Cuban political dissident and family begin asylum in the Czech Republic
The first Cuban political prisoner granted political asylum in the Czech Republic has arrived with his family and relatives in his host country. The dissident, who spent six out of seven years in prison in solitary confinement hit out at the regime in his homeland and thanked the Czech Republic for its solidarity.
Just a few days earlier he had still been in his seventh year in prison following a crackdown on dissidents by the regime of Fidel Castro in 2003.

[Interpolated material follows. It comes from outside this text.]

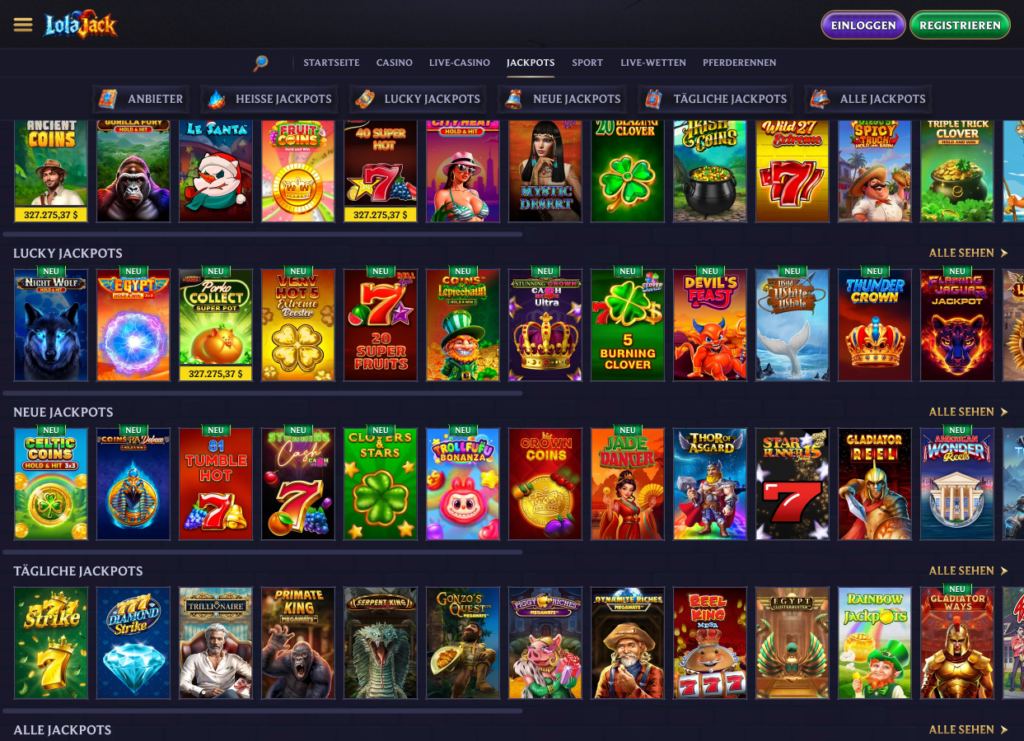 Progressive jackpot pools at LolaJack Casino UK currently total £8.4 million in live prize money, spread across 87 networked games including Divine Fortune, Mega Moolah, and Jackpot Raiders.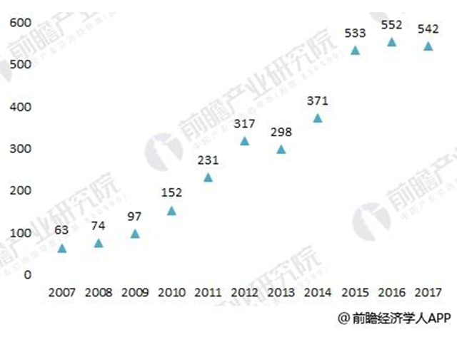 圖表3:2007-2017年低壓配電柜行業(yè)相關(guān)專利申請數(shù)量變化圖(單位:項)

Mr. Posada was jailed for writing and putting up posters critical of the government. He said that six of his seven years were spent in solitary confinement and how frequent beatings were dealt out to him and other political prisoners. And he described the decision to release him together with 52 other political prisoners on condition that they quit the country as delayed justice rather than any humanitarian act.
“We were prisoners of conscience. We do not consider this gesture of the government to be any kind of special humanitarian one. Basically we did not do anything apart from one thing and that was fighting for our rights.”
Rolando’s wife, Lamasiel, an independent journalist, also spent five months behind bars for her contacts with foreign human rights organisations and local dissident groups. One of her foreign contacts was the Czech-based charity People in Need.It was that connection together with the offer in July by Czech Foreign Minister Karel Schwarzenberg to offer political asylum to up to 10 Cuban political dissidents that helped pave the way for the 11-hour flight from Cuba to Prague.
In contrast to most of the other Cuban political prisoners recently released who have chosen to go to Spain, the extended Posada family opted for the Czech Republic although they only speak Spanish. Mr. Posada said that in prison he had read translations of Czech anti-Communist dissident Václav Havel’s essay “The Power of the Powerless,” which pinpoints the powers of dissidents against a seemingly invincible regime. And he thanked the Czech Republic for the help it had given to Cuban dissidents.
“We are grateful for the way that the Czech government has shown its solidarity not just regarding myself but for all the people of Cuba”Since the fall of Communism in 1989, the Czech Republic has felt an obligation to help dissidents in other Communist regimes and has put Cuba high on its list of foreign affairs priorities. Unlike Spain, the former colonial power, which has sought to encourage changes by connecting with the Cuban regime, Prague has taken the opposite view, calling for a tough line against it.